▸ YOUR INSTRUCTIONS
Below is a listing; print exactly its lines from the one containing "κάνετε νωρίτερα εγγραφή." down to the one containing "New York Jets", both inclusive, with every picture left out.

▸ DATASET ENTRIES
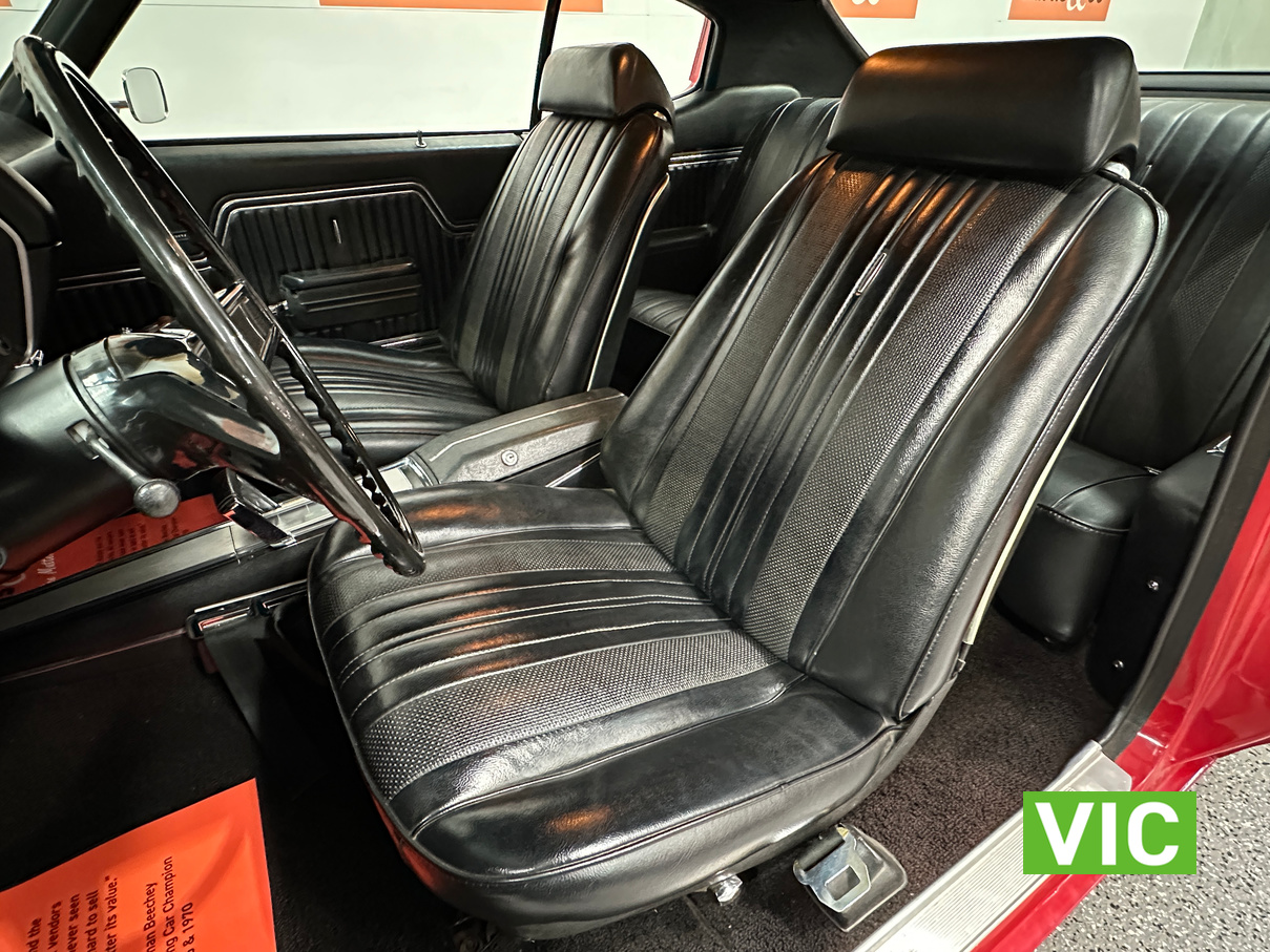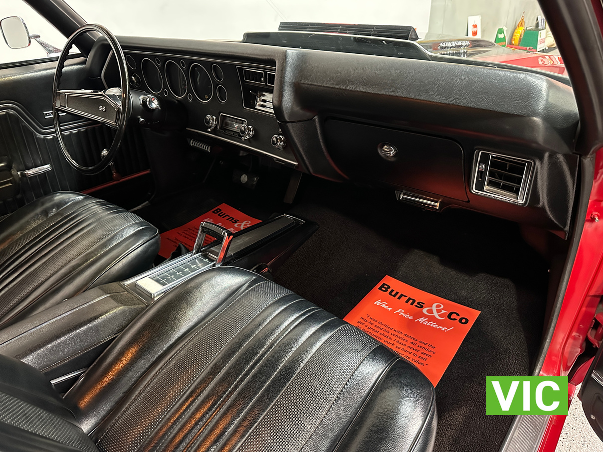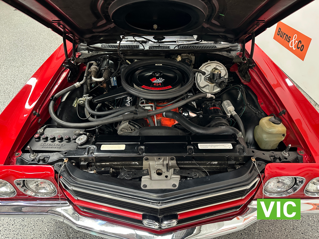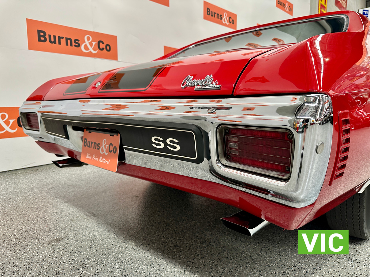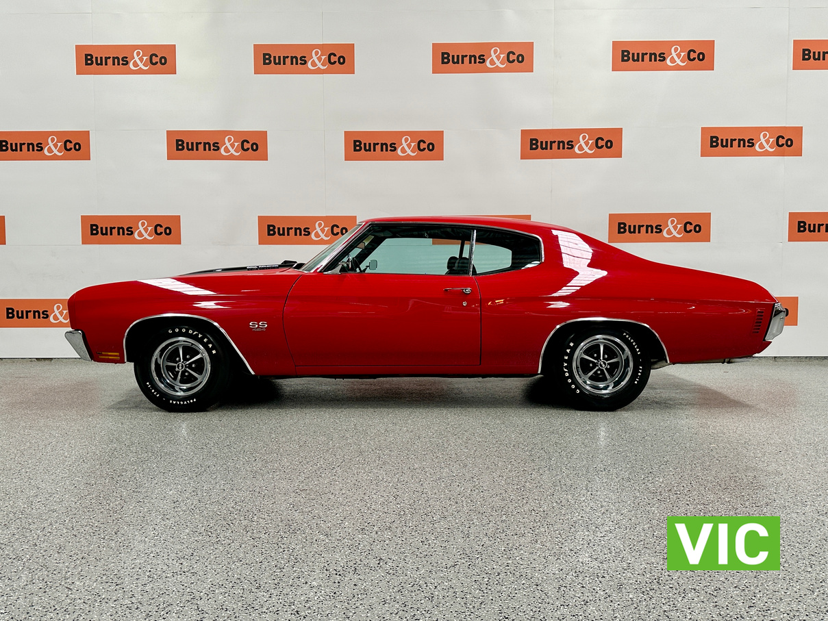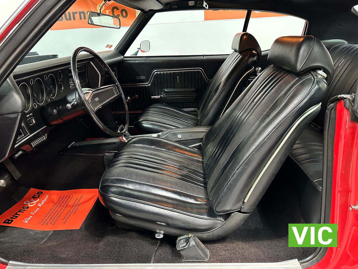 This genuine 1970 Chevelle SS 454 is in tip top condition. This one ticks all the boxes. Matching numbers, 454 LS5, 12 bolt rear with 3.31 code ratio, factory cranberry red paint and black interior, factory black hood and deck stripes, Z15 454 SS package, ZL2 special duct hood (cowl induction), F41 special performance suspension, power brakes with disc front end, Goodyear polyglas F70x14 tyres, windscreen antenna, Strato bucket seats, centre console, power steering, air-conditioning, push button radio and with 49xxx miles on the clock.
---
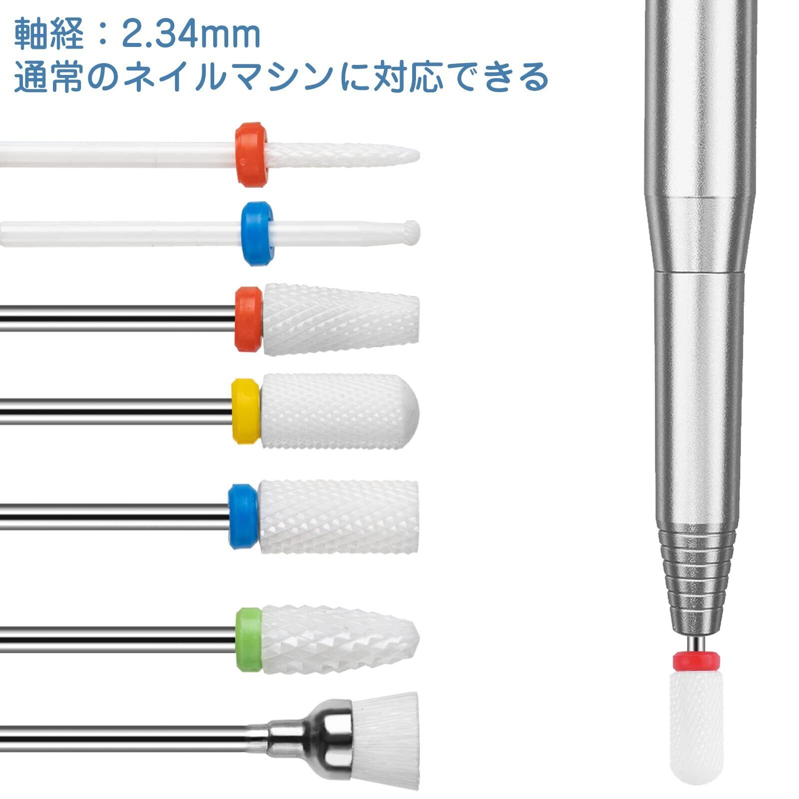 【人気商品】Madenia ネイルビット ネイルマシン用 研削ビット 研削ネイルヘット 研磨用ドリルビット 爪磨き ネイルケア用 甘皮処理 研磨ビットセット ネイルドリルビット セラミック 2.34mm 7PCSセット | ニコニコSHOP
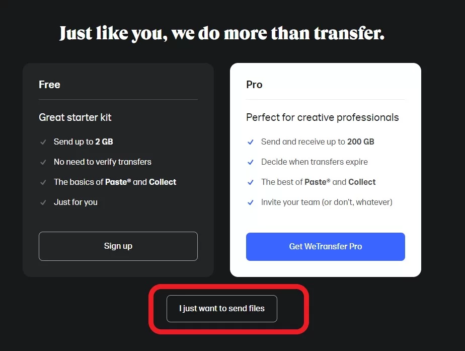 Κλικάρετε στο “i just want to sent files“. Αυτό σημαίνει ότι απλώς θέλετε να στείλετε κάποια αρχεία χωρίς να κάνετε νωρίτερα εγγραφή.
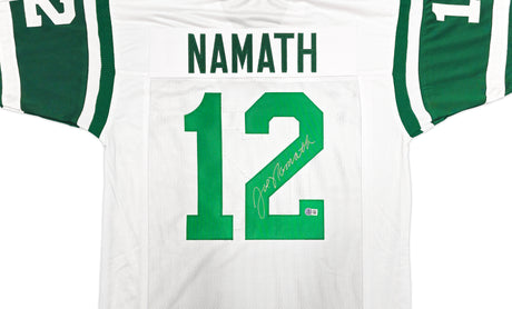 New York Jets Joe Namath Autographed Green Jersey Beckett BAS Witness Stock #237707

▸ SOLUTION TO THE EXERCISE
 Κλικάρετε στο “i just want to sent files“. Αυτό σημαίνει ότι απλώς θέλετε να στείλετε κάποια αρχεία χωρίς να κάνετε νωρίτερα εγγραφή.
 New York Jets Joe Namath Autographed Green Jersey Beckett BAS Witness Stock #237707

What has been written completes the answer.